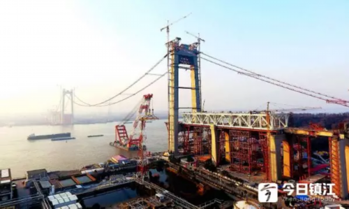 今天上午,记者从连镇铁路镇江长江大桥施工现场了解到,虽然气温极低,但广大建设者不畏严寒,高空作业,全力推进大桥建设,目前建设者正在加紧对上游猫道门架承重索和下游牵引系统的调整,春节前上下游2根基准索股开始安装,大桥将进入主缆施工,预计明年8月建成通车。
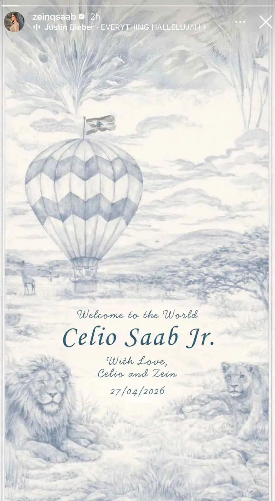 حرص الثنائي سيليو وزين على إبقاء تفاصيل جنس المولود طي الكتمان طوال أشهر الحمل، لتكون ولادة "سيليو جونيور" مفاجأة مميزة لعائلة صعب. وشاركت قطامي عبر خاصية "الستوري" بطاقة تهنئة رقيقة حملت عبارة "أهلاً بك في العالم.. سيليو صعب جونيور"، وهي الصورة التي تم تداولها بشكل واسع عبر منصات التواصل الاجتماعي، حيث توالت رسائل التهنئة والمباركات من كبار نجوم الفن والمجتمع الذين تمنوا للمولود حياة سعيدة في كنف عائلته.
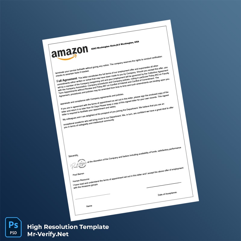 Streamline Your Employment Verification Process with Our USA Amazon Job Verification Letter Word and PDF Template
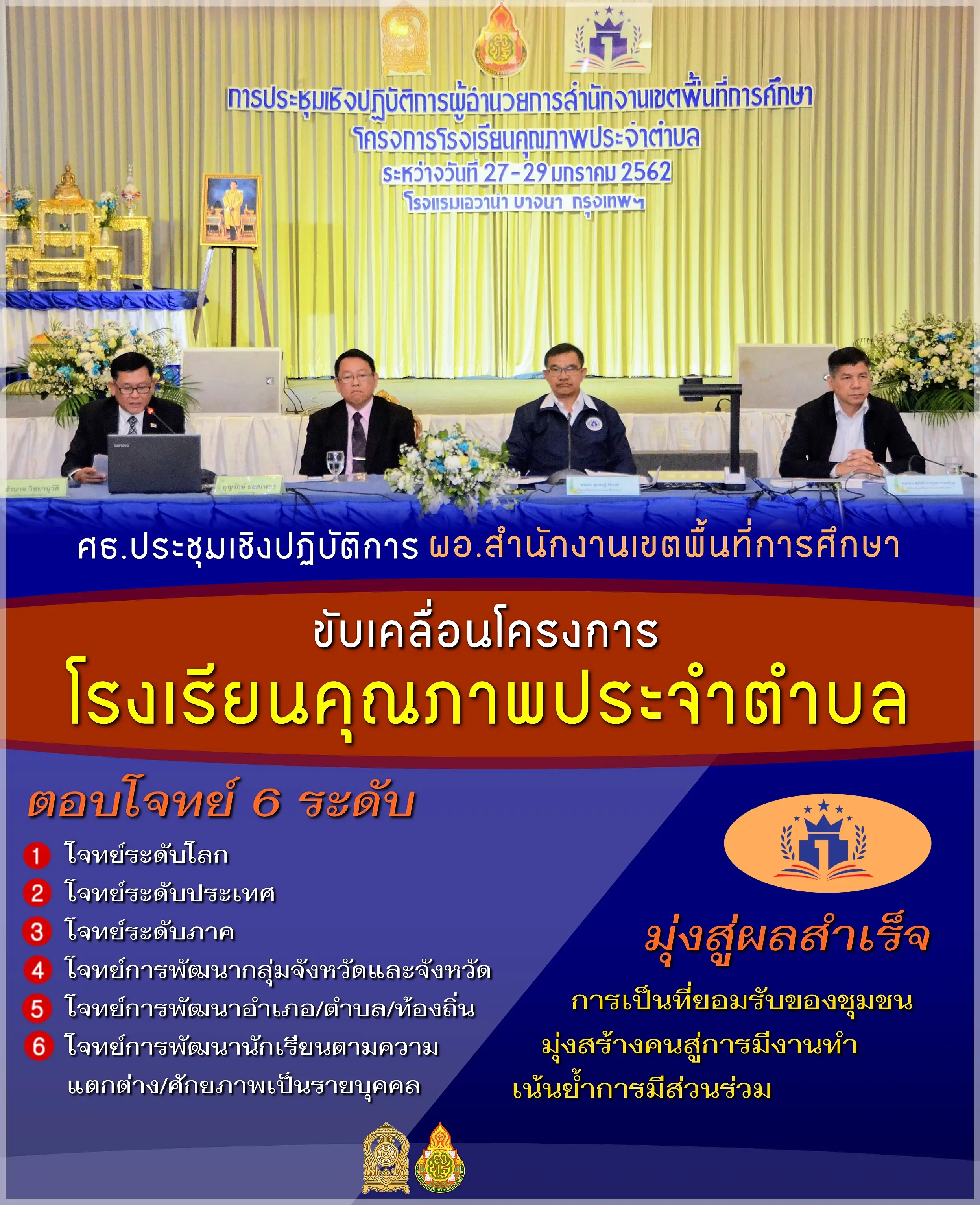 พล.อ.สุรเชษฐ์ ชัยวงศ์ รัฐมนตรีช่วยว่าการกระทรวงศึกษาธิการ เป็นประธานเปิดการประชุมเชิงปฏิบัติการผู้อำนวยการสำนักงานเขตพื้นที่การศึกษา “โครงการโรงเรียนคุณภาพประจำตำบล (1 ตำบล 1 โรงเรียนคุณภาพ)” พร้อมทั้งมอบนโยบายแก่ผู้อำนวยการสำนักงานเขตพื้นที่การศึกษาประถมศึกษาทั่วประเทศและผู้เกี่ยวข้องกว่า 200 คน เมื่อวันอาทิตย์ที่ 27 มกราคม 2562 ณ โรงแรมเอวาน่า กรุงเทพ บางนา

Exercise requirements —
Copy the whole of the material above exactly, but not its images.

Written solution —
 今天上午,记者从连镇铁路镇江长江大桥施工现场了解到,虽然气温极低,但广大建设者不畏严寒,高空作业,全力推进大桥建设,目前建设者正在加紧对上游猫道门架承重索和下游牵引系统的调整,春节前上下游2根基准索股开始安装,大桥将进入主缆施工,预计明年8月建成通车。
 حرص الثنائي سيليو وزين على إبقاء تفاصيل جنس المولود طي الكتمان طوال أشهر الحمل، لتكون ولادة "سيليو جونيور" مفاجأة مميزة لعائلة صعب. وشاركت قطامي عبر خاصية "الستوري" بطاقة تهنئة رقيقة حملت عبارة "أهلاً بك في العالم.. سيليو صعب جونيور"، وهي الصورة التي تم تداولها بشكل واسع عبر منصات التواصل الاجتماعي، حيث توالت رسائل التهنئة والمباركات من كبار نجوم الفن والمجتمع الذين تمنوا للمولود حياة سعيدة في كنف عائلته.
 Streamline Your Employment Verification Process with Our USA Amazon Job Verification Letter Word and PDF Template
 พล.อ.สุรเชษฐ์ ชัยวงศ์ รัฐมนตรีช่วยว่าการกระทรวงศึกษาธิการ เป็นประธานเปิดการประชุมเชิงปฏิบัติการผู้อำนวยการสำนักงานเขตพื้นที่การศึกษา “โครงการโรงเรียนคุณภาพประจำตำบล (1 ตำบล 1 โรงเรียนคุณภาพ)” พร้อมทั้งมอบนโยบายแก่ผู้อำนวยการสำนักงานเขตพื้นที่การศึกษาประถมศึกษาทั่วประเทศและผู้เกี่ยวข้องกว่า 200 คน เมื่อวันอาทิตย์ที่ 27 มกราคม 2562 ณ โรงแรมเอวาน่า กรุงเทพ บางนา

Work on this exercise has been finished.